Even more alarming, no one checked whether if my elderly husband could manage the physical demands of caregiving.
No immediate support was arranged, no compassionate support, no real help.
Given that one box of pain-relief handed over at discharge proved woefully inadequate, telehealth seemed like the obvious solution.
But here’s the catch: doctors can’t prescribe stronger pain relief through telehealth due to concerns about misuse.
The alternative? Another in-person visit which is nearly impossible for someone like me who can now barely walk and lives 30 minutes from the nearest clinic.
A GP appointment was finally scheduled but it was scheduled a week later – an eternity for people like me living with constant, severe pain.
While telehealth works well for routine check-ups, it completely fails palliative, in-home patients requiring immediate, intensive pain management.
You would think that being discharged with a terminal illness would trigger immediate support, especially for someone needing help with basics like walking and bathing.
Think again.
A SYSTEM THAT SEEMS DESIGNED TO CREATE OBSTACLES
More than 10 days after returning home, a call to MyAgedCare reveals there wasn’t even an account set up.
While they helped create one and suggested some telehealth GPs, the real support needed – actual care services – was out of reach without an assessment.
The wait time? Twelve to 15 months. The cruel reality? I have a short time to live.
Finally, I made a desperate call to the Managing Director of Community Home Australia & PT CHA International Resorts, Dr Rodney Jilek, someone known for putting residents and patients before paperwork.
This changed everything.
Within 24 hours, a telehealth consultation had been arranged with a regional palliative care specialist GP and started processing the necessary paperwork. Things finally started moving.
Having witnessed the palliative care failures first-hand, I must ask:
Why is privacy treated as an afterthought?
Why are terminally ill patients sent home without proper care plans?
Why aren’t hospitals and social workers ensuring support systems are in place?
Why can’t palliative care organisations provide immediate help?
Why force dying patients to navigate complex bureaucracy when time is precious?
If we truly value dignity in healthcare we must demand better access and proper support for people’s final days, regardless of where they live or their ability to navigate complex systems.
The harsh reality is that this story isn’t breaking news.
Across Australia, our aged care, disability and palliative care sectors are crumbling under the weight of systemic failures.
Our ongoing research September-November 2024, which includes interviews with nearly 90 industry leaders, paints a disturbing picture.
The same issues keep cropping up: Endless paperwork, poor discharge planning, not enough workers and a system that seems designed to create obstacles rather than provide care.

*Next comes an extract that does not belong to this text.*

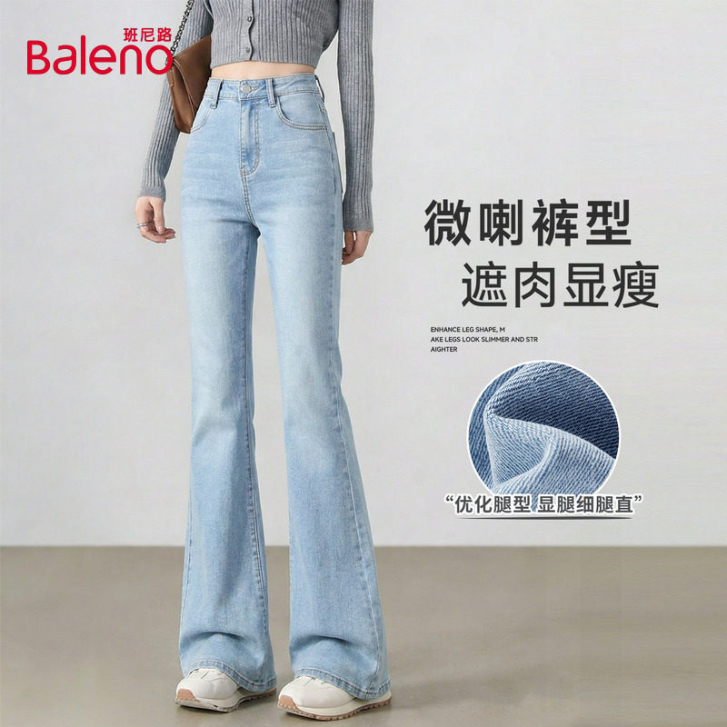 班尼路微喇牛仔裤女款2026春夏新款高腰遮胯显瘦宽松休闲喇叭裤Q

THE DEVASTATING CONSEQUENCES
These aren’t just statistics or policy issues – they’re stories of real Australians like me, suffering every day.
We are the vulnerable people being pushed into a broken system.
If the goal is to reduce hospital bed blocking, it’s failing spectacularly.
The consequences are devastating – some turn to Voluntary Assisted Dying, while others, feeling hopeless, take their own lives.
Even those who manage to access aged care face serious problems.
Severe staff shortages mean people like me often don’t get the attention and care we need.
Government cuts have slashed palliative and aged care services forcing people to rely on limited telehealth options or leave their communities entirely to get essential care.
These are all symptoms of the same failing system.
The time for change will come too late for me.
But the system needs to be fixed today for the patients of tomorrow.